__Source data__:
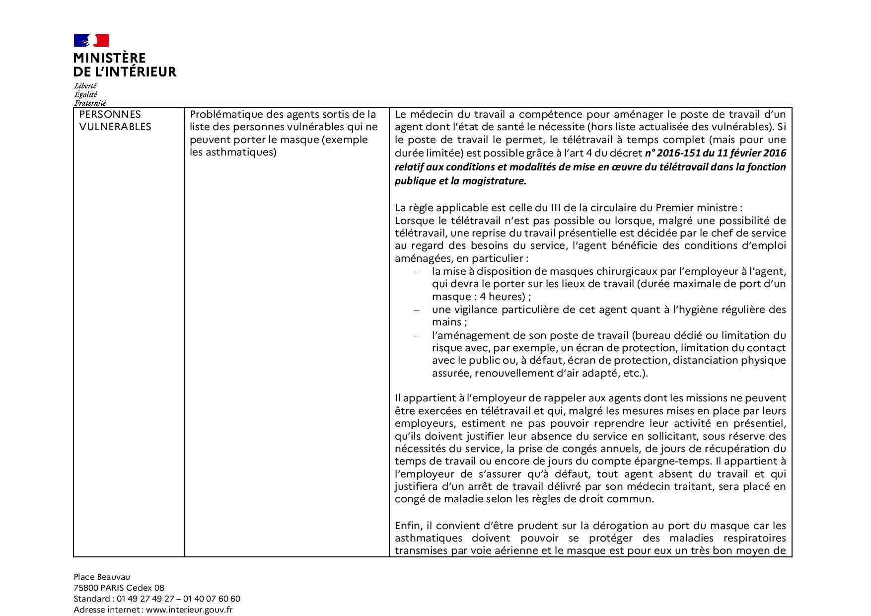 Eu égard à la situation sanitaire, les décisions prises au niveau national peuvent être amenées à évoluer rapidement, ces réponses sont donc celles applicables à cette date. FO continuera à agir à tout les niveaux pour les faire évoluer dans le sens de la protection des agents.
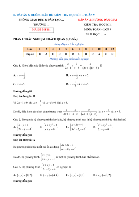 ĐÁP ÁN & HƯỚNG DẪN GIẢI TRƯỜNG … KIỂM TRA HỌC KÌ 1 MÃ ĐỀ MT201 MÔN: TOÁN – LỚP 9 NĂM HỌC: … – …
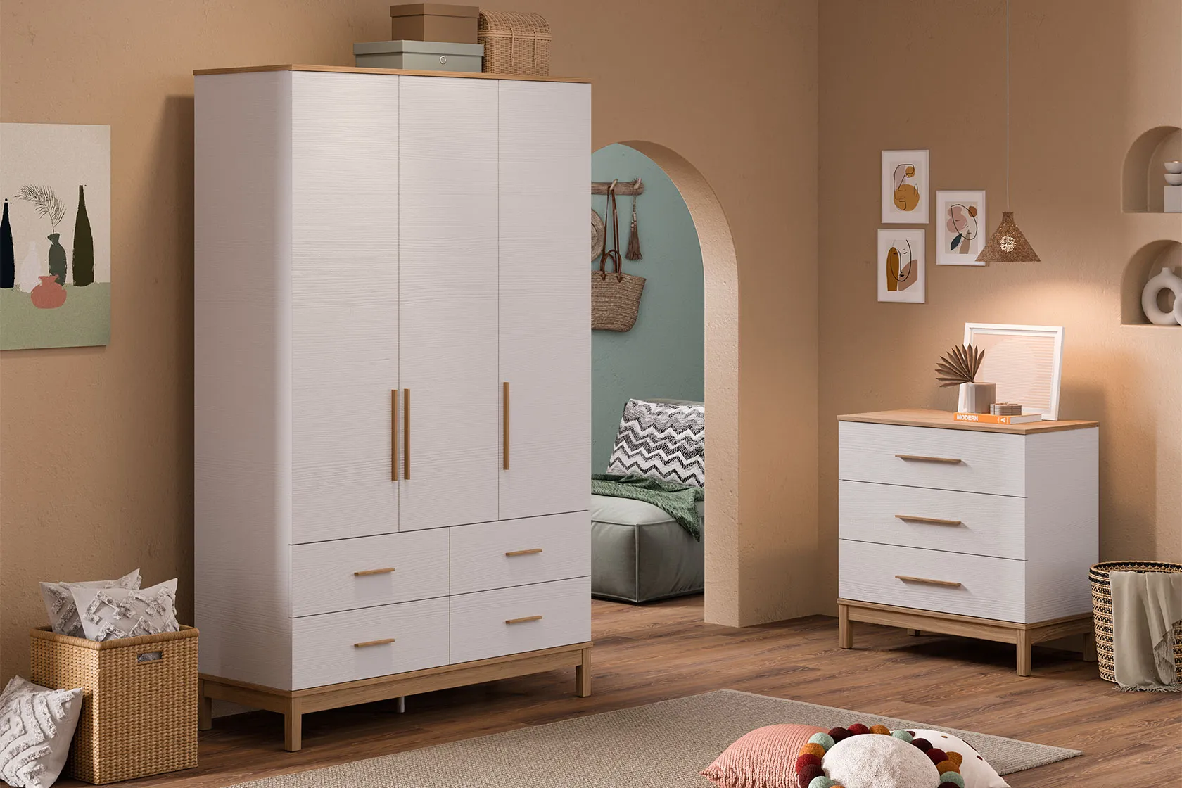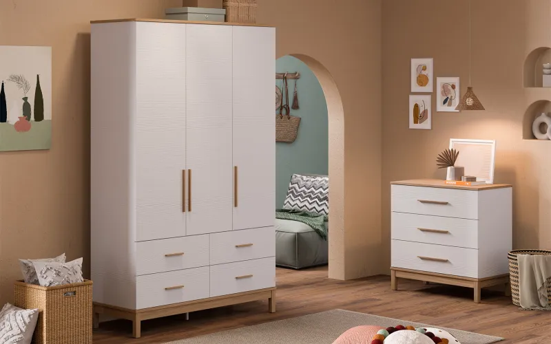 Etto 3 Kapaklı ve Çekmeceli Dolap
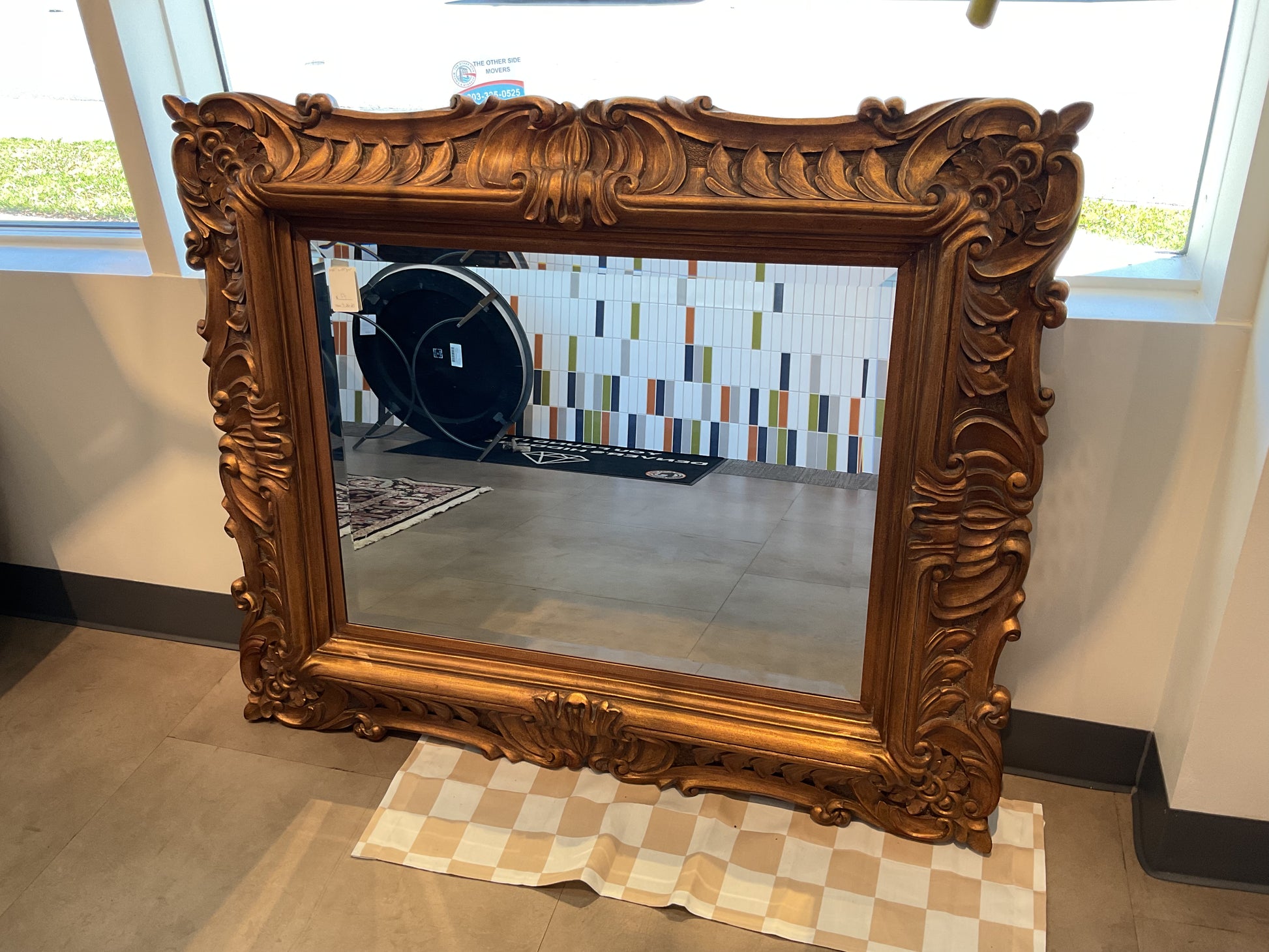 The Aquarius Mirror features a luxurious gold frame that adds a touch of elegance to any room. Enhance your space with this beautiful mirror that combines style and functionality. Expertly crafted, this mirror will elevate your decor and provide the perfect reflection.

__Exercise description__: With the pictures excluded, the line containing "ĐÁP ÁN & HƯỚNG" and every line after it through the end of the data above are to be transcribed exactly, and nothing more.

__Exercise output__:
 ĐÁP ÁN & HƯỚNG DẪN GIẢI TRƯỜNG … KIỂM TRA HỌC KÌ 1 MÃ ĐỀ MT201 MÔN: TOÁN – LỚP 9 NĂM HỌC: … – …
 Etto 3 Kapaklı ve Çekmeceli Dolap
 The Aquarius Mirror features a luxurious gold frame that adds a touch of elegance to any room. Enhance your space with this beautiful mirror that combines style and functionality. Expertly crafted, this mirror will elevate your decor and provide the perfect reflection.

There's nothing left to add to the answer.